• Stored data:
++++++

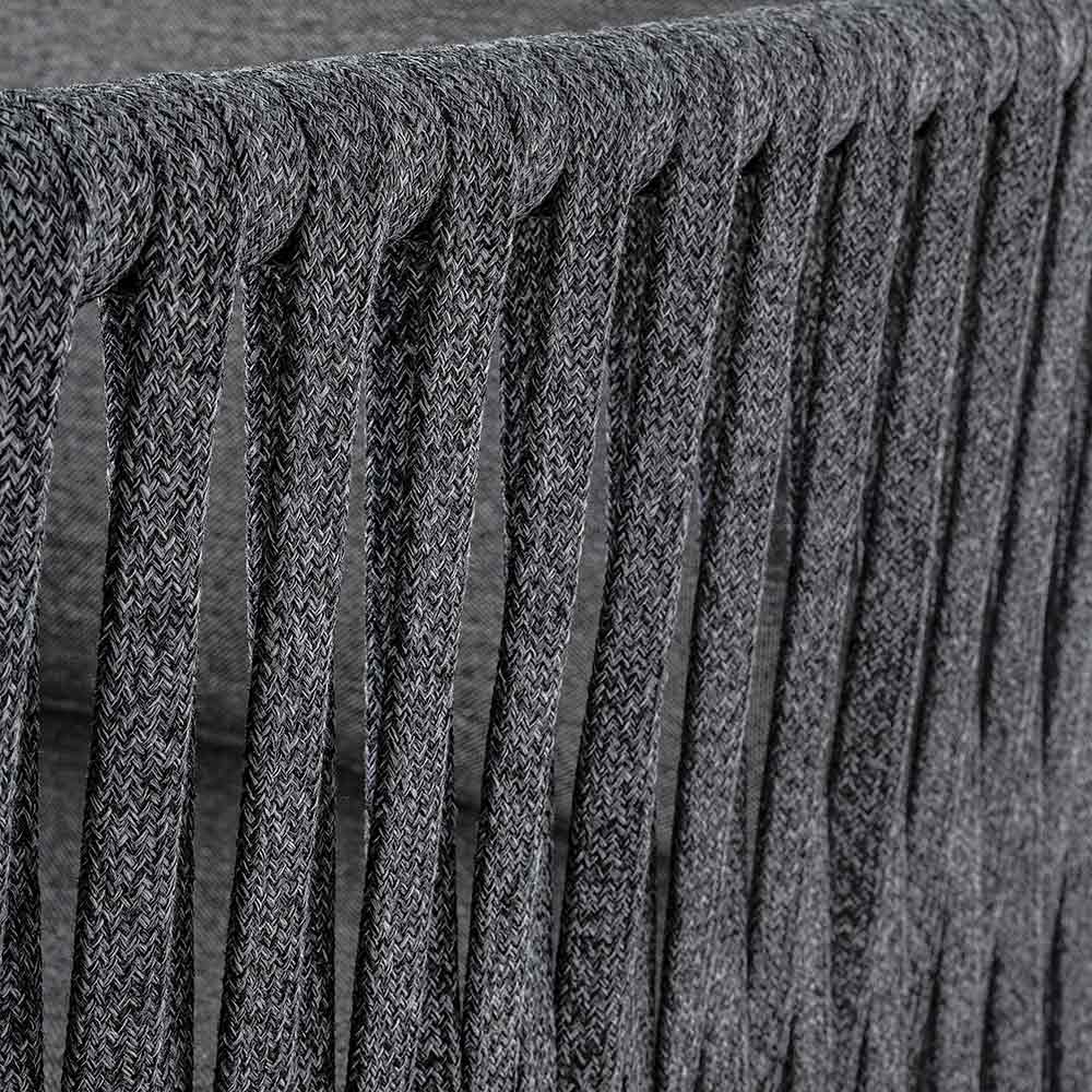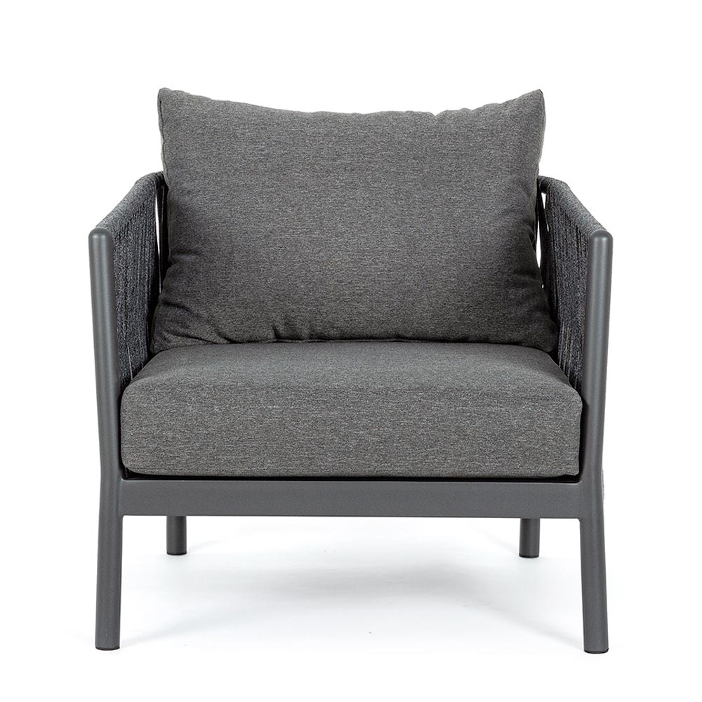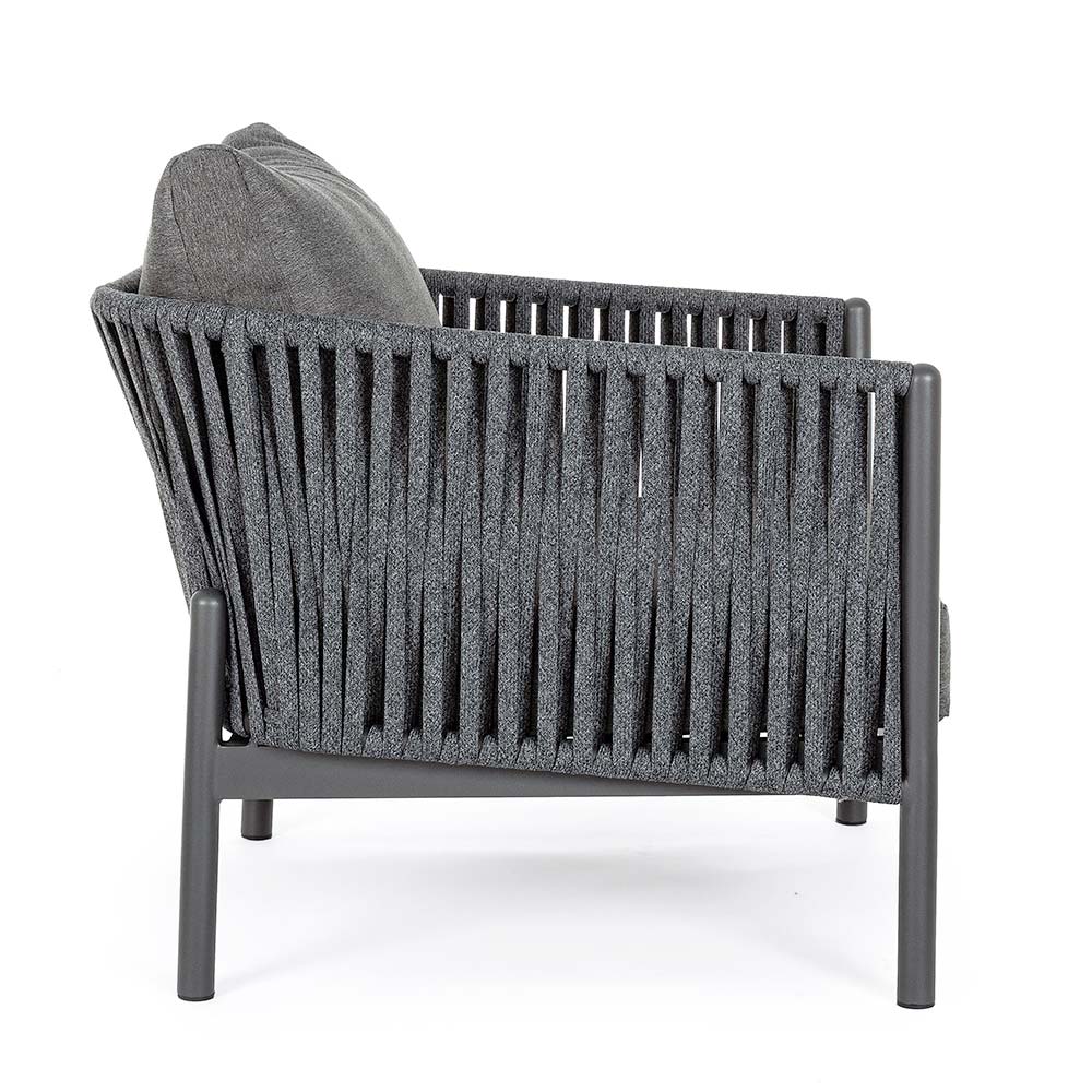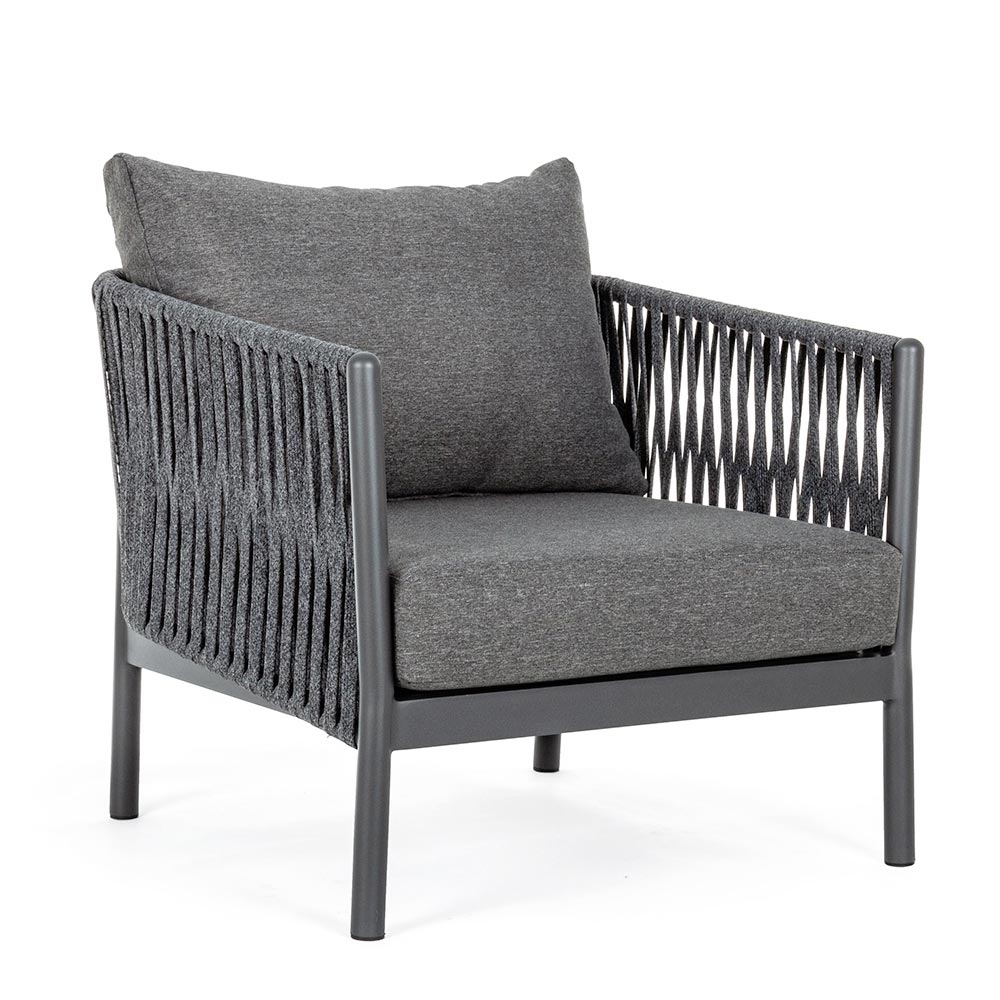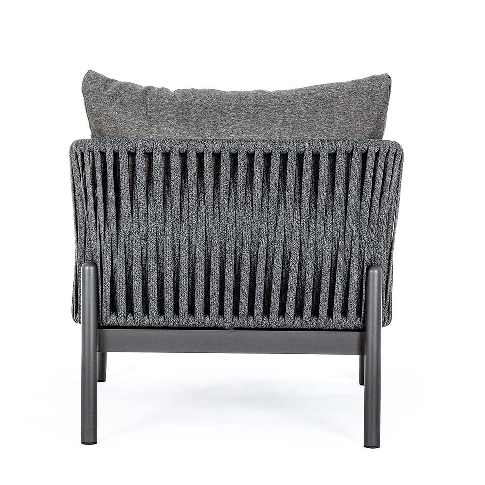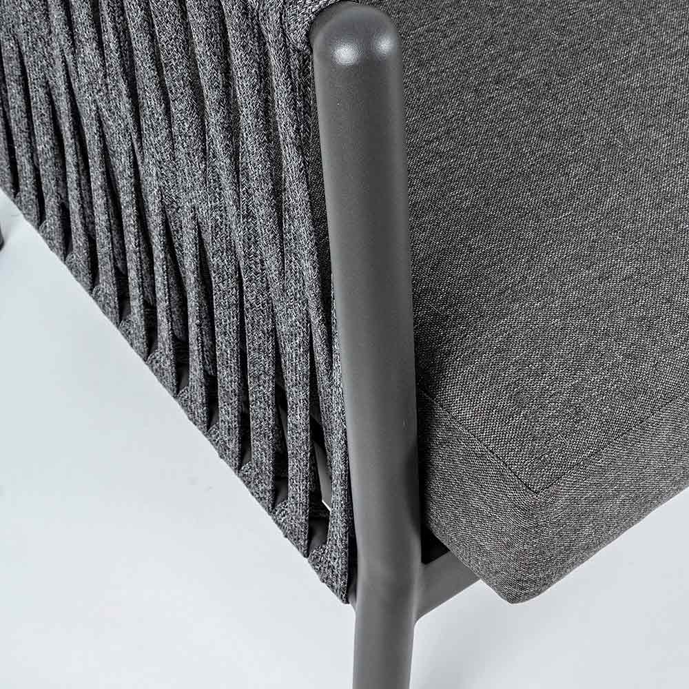 Outdoor-Sessel mit Aluminiumstruktur und seilgewebter Rückenlehne.
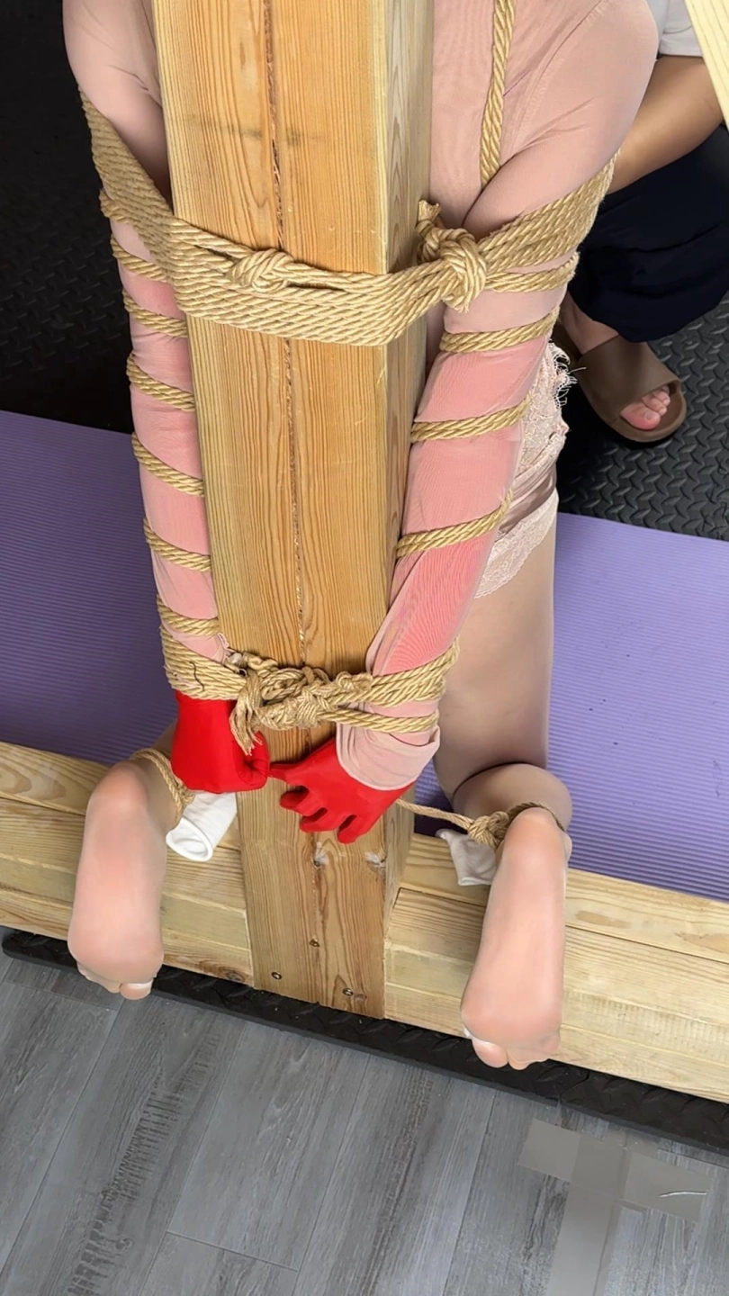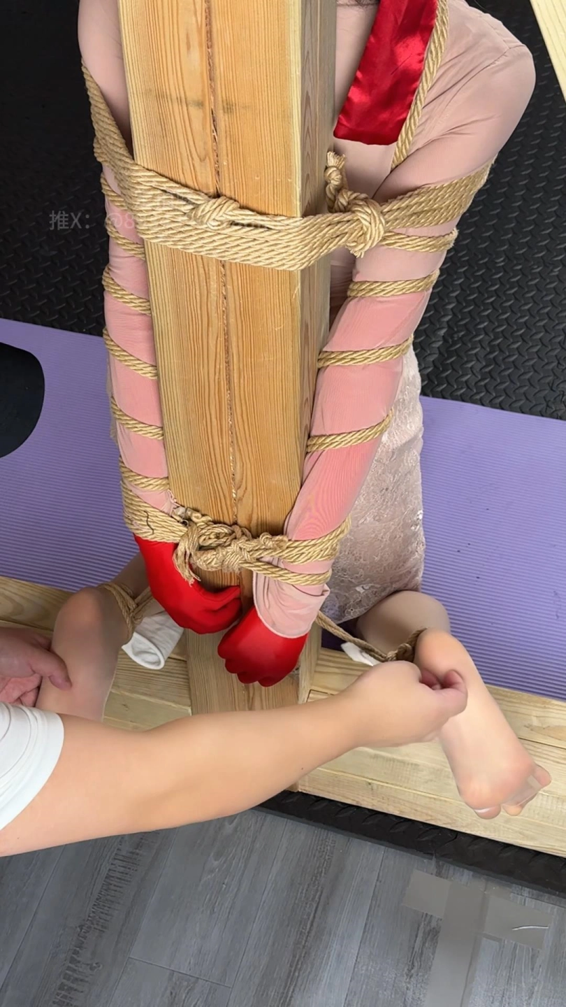 接着,抬起她的下巴端详,用手指轻刮脖子、下滑到胸部、最后下滑到下体,轻轻撩拨。 男友见欲梦表现不错把欲梦带到立柱面前跪姿绑好准备给她奖励。
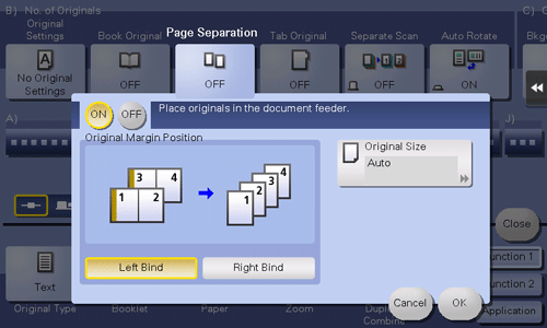 [ON]/[OFF] | Select [ON] to specify Book Separation. |
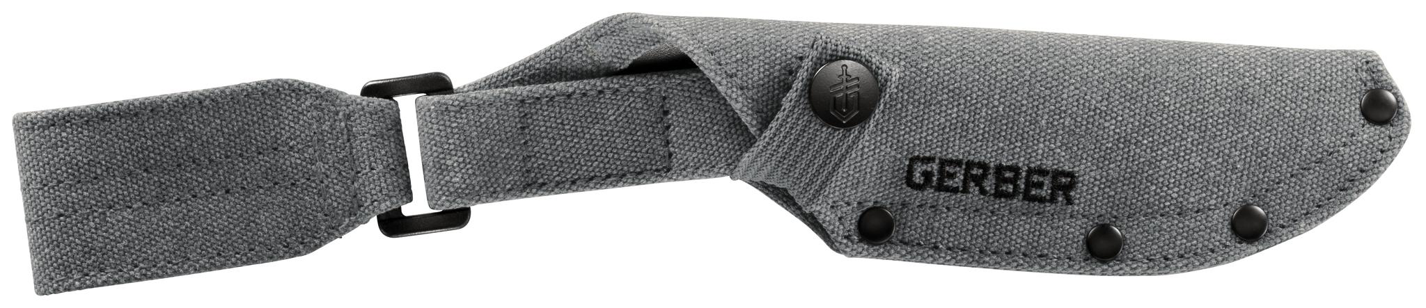 The Gerber Downwind Drop Point hunting knife is a successful combination of tradition, modern materials and design. A classic drop point blade made of 7Cr stainless steel in full tang construction is the ideal choice as an all-round workhorse. Fine grooves on the back of the handle and blade provide maximum grip and precision. The ergonomic handle design combined with G10 handle scales allows for fatigue-free work with excellent grip. A lanyard loop and a gray waxed canvas sheath complete the features.
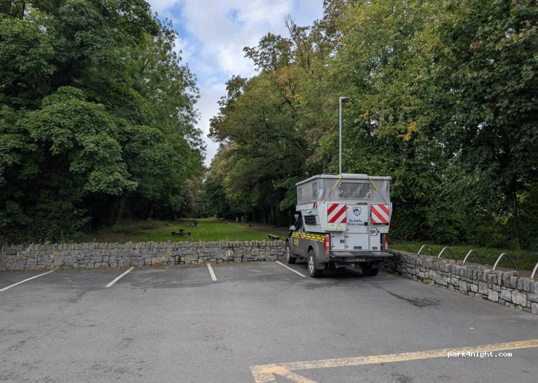 Un petit parking dans le parc près de la promenade du Canal à Kilkenny, avec dix places au total. L'espace est suffisant pour manœuvrer, même si les places sont un peu étroites, mais la longueur ne pose pas de problème. Il est recommandé de ne pas garer plus d'un camping-car ou d'un caravane à la fois afin d'éviter de surcharger le parking. C'est idéal pour promener les chiens, avec des bancs de pique-nique juste à côté. Le centre de Kilkenny et le château sont à environ vingt minutes à pied. Nous n'y avons pas passé la nuit, nous nous sommes juste arrêtés pour déjeuner, mais nous n'avons vu aucun panneau interdisant le stationnement. Cela dit, un homme nous a dit que certaines personnes viennent ici le soir pour boire un verre, bien qu'un panneau indique également que l'alcool est interdit. Malgré cela, l'endroit semble assez calme et agréable pour passer la nuit.

++++++

• Exercise:
Starting at the line that contains "[ON]/[OFF] | Select" and ending with the last line of the data, transcribe every line exactly; skip the pictures.

• Answer to this problem:
 [ON]/[OFF] | Select [ON] to specify Book Separation. |
 The Gerber Downwind Drop Point hunting knife is a successful combination of tradition, modern materials and design. A classic drop point blade made of 7Cr stainless steel in full tang construction is the ideal choice as an all-round workhorse. Fine grooves on the back of the handle and blade provide maximum grip and precision. The ergonomic handle design combined with G10 handle scales allows for fatigue-free work with excellent grip. A lanyard loop and a gray waxed canvas sheath complete the features.
 Un petit parking dans le parc près de la promenade du Canal à Kilkenny, avec dix places au total. L'espace est suffisant pour manœuvrer, même si les places sont un peu étroites, mais la longueur ne pose pas de problème. Il est recommandé de ne pas garer plus d'un camping-car ou d'un caravane à la fois afin d'éviter de surcharger le parking. C'est idéal pour promener les chiens, avec des bancs de pique-nique juste à côté. Le centre de Kilkenny et le château sont à environ vingt minutes à pied. Nous n'y avons pas passé la nuit, nous nous sommes juste arrêtés pour déjeuner, mais nous n'avons vu aucun panneau interdisant le stationnement. Cela dit, un homme nous a dit que certaines personnes viennent ici le soir pour boire un verre, bien qu'un panneau indique également que l'alcool est interdit. Malgré cela, l'endroit semble assez calme et agréable pour passer la nuit.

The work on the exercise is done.